File metadata and controls

213 lines (175 loc) · 12.3 KB

Iterative Fault Localization (RQ2-RQ4)

Prerequisite

  • docker

Getting Started

  • 🚨 Please make sure that the docker daemon is running on your machine. If not, you will encounter the error: Cannot connect to the Docker daemon at unix:///var/run/docker.sock
  • 🚨 Our docker image agb94/fdg only supports the linux/amd64 architecture. If the architecture of your processor is arm64, e.g. Apple sillicion, please try with another machine.

Step 0. Are you busy now?

  • Not really -> Goto Step 1
  • Yes -> Goto Step 4

Step 1. Setup Docker

cd docker/
docker pull agb94/fdg
# If you want to build the docker image from scratch, type:
# docker build --tag agb94/fdg .
# it may take several hours to complete
sh make_dirs.sh
docker run -dt --volume $(pwd)/resources/d4j_expr:/root/workspace --volume $(pwd)/results:/root/results --name fdg agb94/fdg

This will

  • load the docker image fdg:amd64,
  • create a docker container named fdg,
  • and create a new Bash session in the container fdg

Now, go to Step 2.

Step 2. Generate test cases using EvoSuite

The following command will generate the regression test cases for <pid>-<vid>b (ex. Lang-1b) in Defects4J using EvoSuite. This will take a while.

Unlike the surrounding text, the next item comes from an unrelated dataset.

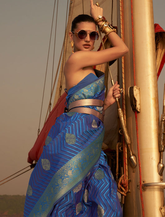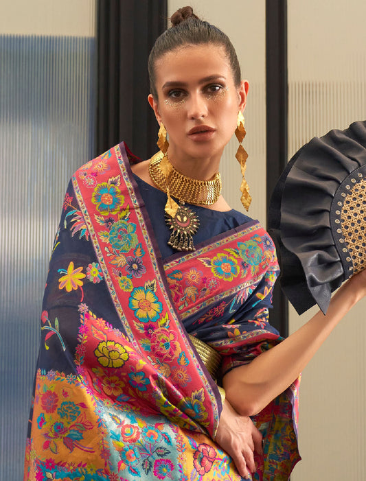 Navy Blue Elegant Silk Party Wear Handloom Weaving Saree

docker exec fdg sh generate_test.sh <pid> <vid> evosuite <test_suite_id> <time_budget_in_sec> <random_seed>
# ex) docker exec fdg sh generate_test.sh Lang 1 evosuite newTS 60 0

Result files:

  • ./results/evosuite_test/<test_suite_id>/<pid>-<vid>
    • The generated test suite
  • ./results/evosuite_coverage/<test_suite_id>/<pid>-<vid>/
    • The coverage of the generated test cases
    • Use pandas.read_pickle to load the coverage files.
  • ./results/evosuite_report/<test_suite_id>/statistics.<pid>-<vid>.csv
    • The EvoSuite report
  • ./results/evosuite_oracle/<test_suite_id>/<pid>-<vid>.failing_tests
    • A set of test cases that show different behaviours in the buggy and fixed versions
    • The test case oracles are obtained using the fixed version of the program, i.e., <pid>-<vid>f
    • The file can be empty if there is no test case capturing the faulty behaviour! It's not an error.

Go to Step 3.

Step 3. Simulate Iterative FL

The following command will simulate the iterative SBFL scenario for <pid>-<vid>b using the EvoSuite-generated test suite with the id <test_suite_id>. You can set the noise probability in oracle querying using the --noise option.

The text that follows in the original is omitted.